Лежавшая, не обернувшись, качнула ей головой.
Тут залетели генерал и бородатый главврач с толстыми руками, которыми сразу уже и принялся махать.
– Вот здесь, здесь. Здесь вид из окна отличный, воздух лучше некуда, летом особенно, соседи вот…
– Какая кровать?! – отрывисто спросил Пыжиков.
Я только кусал губу.
– Что?! Да любая. Какая нравится, такая и будет. Какая вам нравится? – наклонился главврач к бабульке.
Та закрыла глаза.
– Ну вот, наверное, у батареи, да? Здесь потеплее, стеночка, да? Вот здесь и давайте, да? – указал главврач на кровать Марь Ванны, с улыбкой наблюдавшей за этим, и тут же уложил свою лапищу ей на плечо:
– Марь Ванна, давайте пока в коридор – обождите чуть, а после обеда идите в дежурку. Пару ночей переспите, а там что-то освободится. Собирайте вещи пока.
– Да что мне собирать – все на мне, – хохотнула Марь Ванна. – Мне куды хошь, лишь бы не к мужикам – храпят дюже.
– До свиданьица, слепая, – обратилась она к застывшей в дверях слепой. – Может, свидимся ишо! Выселяють меня.

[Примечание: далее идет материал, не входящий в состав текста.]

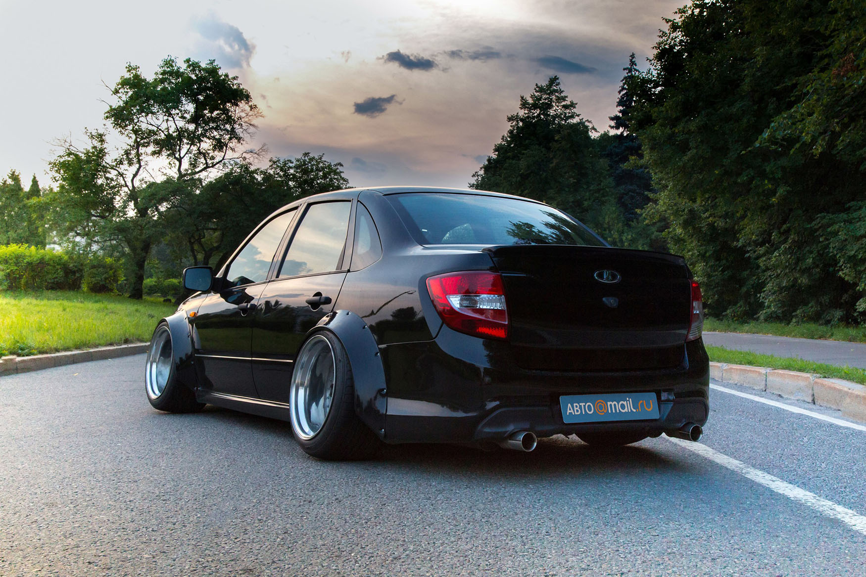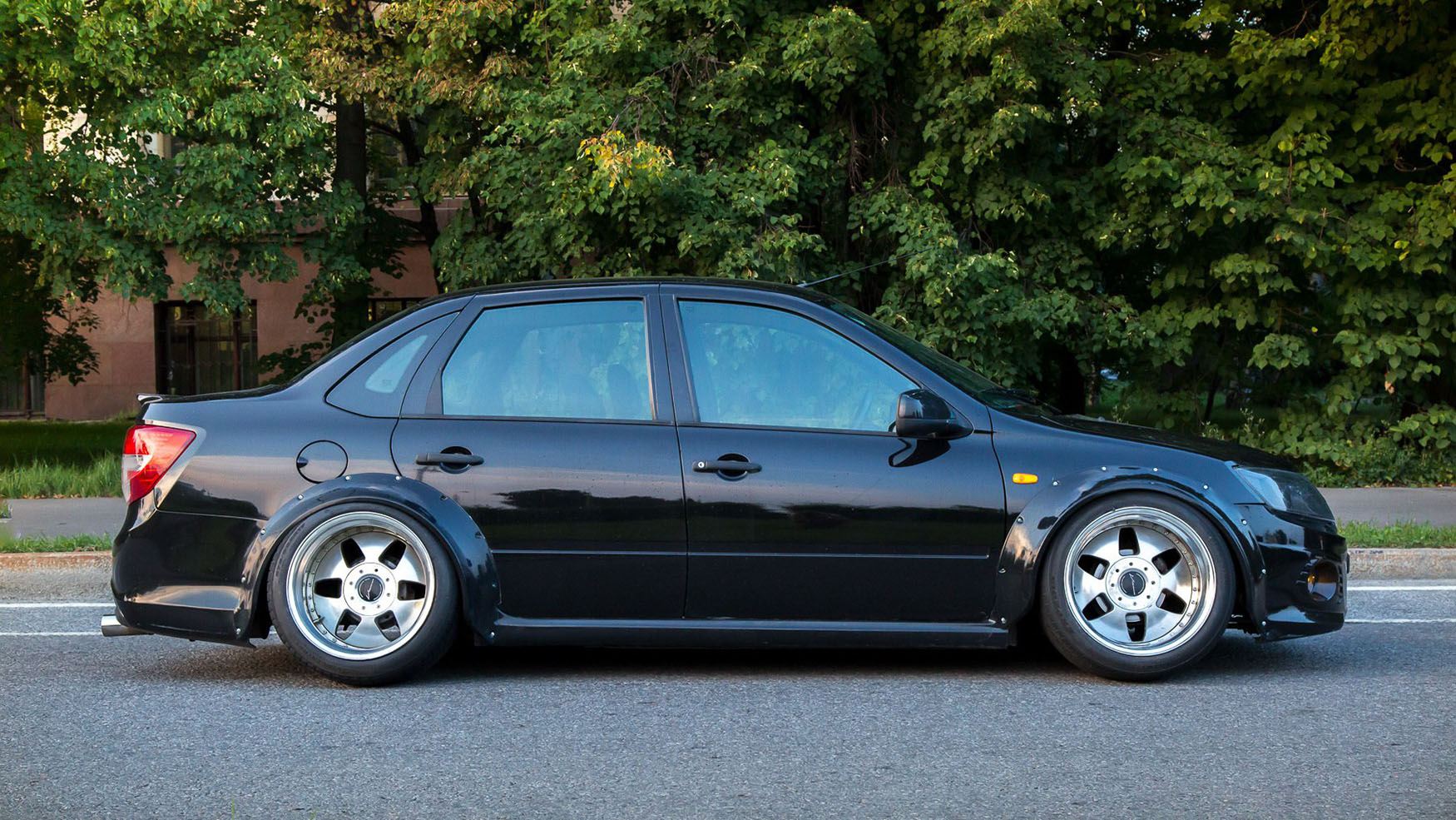 Процесс сборки оказался не самым простым, возникли некоторые сложности. Например, из 30 отверстий для болтов совпали только 10. Остальные 20 пришлось пересверливать. Кроме того, колеса потребовали больших усилий по восстановлению — отполировать до блеска иннеры, которые мало кто вообще полирует, задача непростая. В качестве награды за проделанные труды Максим получил недорогой комплект крутых дисков с нешуточными параметрами: ширина передней пары 11,5 дюйма, задней — 12,5 дюйма. Резину выбрал соответствующую — размерностью 275/35. И это для «Лада Гранта»!

– До свидания, – пролепетала слепая.
– Вы любите читать? – спросила наша бабулька у слепой, но та с застывшим лицом оставалась в дверях, безропотно ожидая, когда и ей скажут что-нибудь.
Генерал бухнул:
– Вот сюда, сынки!
И мы с Пыжиковым немеющими руками чуть не выронили носилки на кровать – все!
Все!
– Да здесь такой вид из окна, деревья, липы, старушки ходячие цветов понасажали, – не успокаивался главврач, продолжая махать своими оглоблями.
За окном были видны белый бетонный забор и скамейка с инвалидами. Старуха в бордовом платке совала в рот парню неопределенного возраста папироску, а сверху прогибался колесом небесный мундир с единственной, зато надраенной на славу солнечной пуговицей. Мне стало тошно от запаха нечистого белья, скучной морды Пыжикова и нашего ублюдка-генерала, и я выбежал в коридор, подняв плечи, чтобы не оглянуться на бабульку.
– Э, погодь, носилки заберешь, – тормознул меня генерал.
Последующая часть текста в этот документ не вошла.